Sorry to hear you not feeling well @Mno. But I so appreciate your honesty. Reading your posts is always enlightening.
Hope you can have a relaxing day, take some time to relax and feel calmer. You’ve been through a lot recently.
Guess that takes its toll on you!
Huge cup of herbal tea and a long walk, usually works for me. Hope you find something which works for you.
Have a calm sober Saturday Menno
Thanks for sharing this Mno!
You are not alone.
Your support here is so damn important.
Love
Checking in on day 87. Reading everyone’s posts here is so helpful. Thanks, all.
Just a hug from the south
Thank you Eric!
Day 8 here. I had a fantastic day and night yesterday. I walked downtown for the second day in a row (about 20 blocks and back) and picked up some new books at the Barnes & Noble in Center City. Apparently it moved to a new location, and this was my first visit to the new store. I chatted with the older gentleman who worked there and he recommended some new horror authors to me, so I walked out of there with three books.
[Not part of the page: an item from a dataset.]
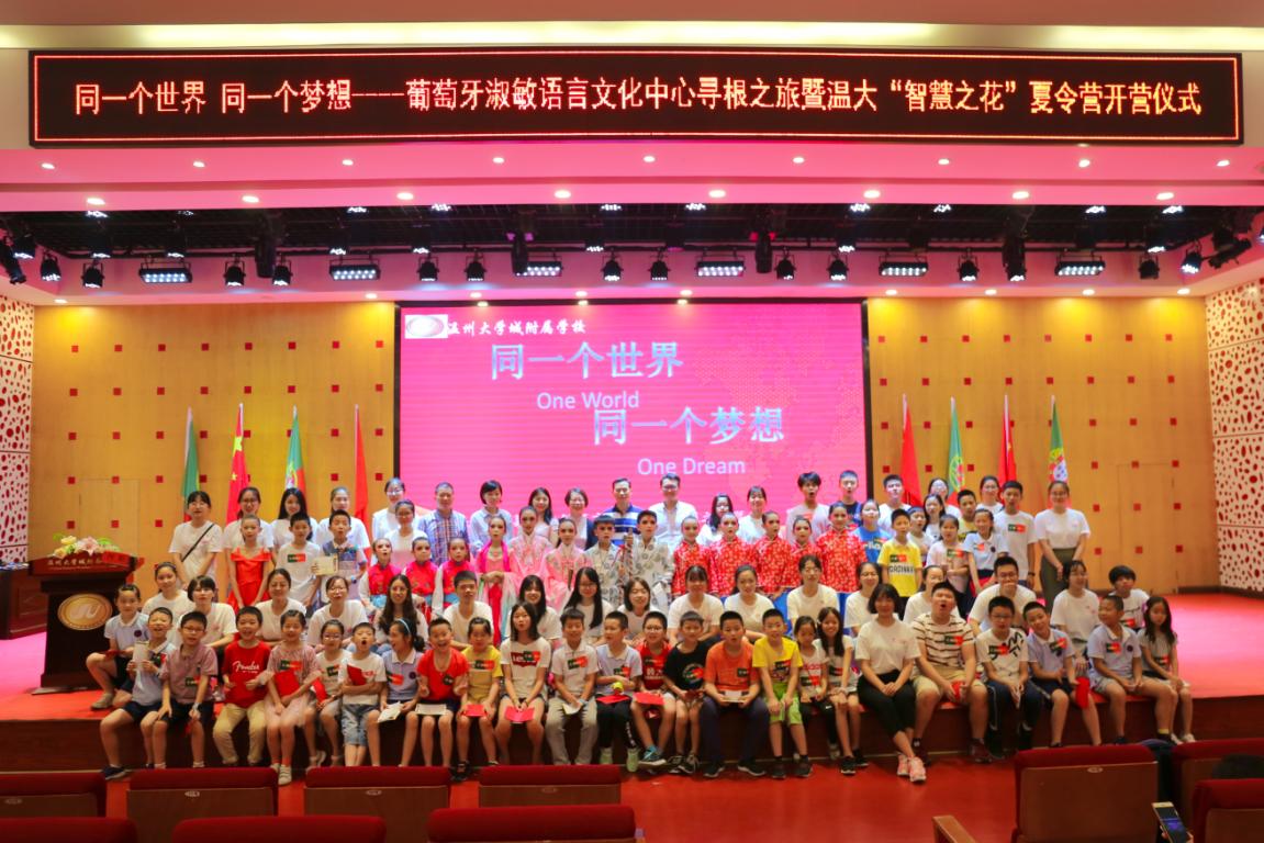 伴随着瓯剧京剧独特的乐律,日本a片 城附属学校与葡萄牙淑敏语言文化中心联谊活动暨温大“智慧之花”夏令营开营仪式拉开帷幕,向中葡小朋友展示了中国文化的魅力,传播着独特的瓯越文化。

Last night I had a little horror marathon for myself. I finally broke open my Universal Monsters BluRay set and watched Bela Lugosi’s Dracula for the first time since I was a kid. Then I randomly picked out a couple of other movies off of Prime, and ended my night falling asleep in front of the TV. Woke up this morning feeling great and not hungover. If it doesn’t rain too badly today I’m going to take another city walk.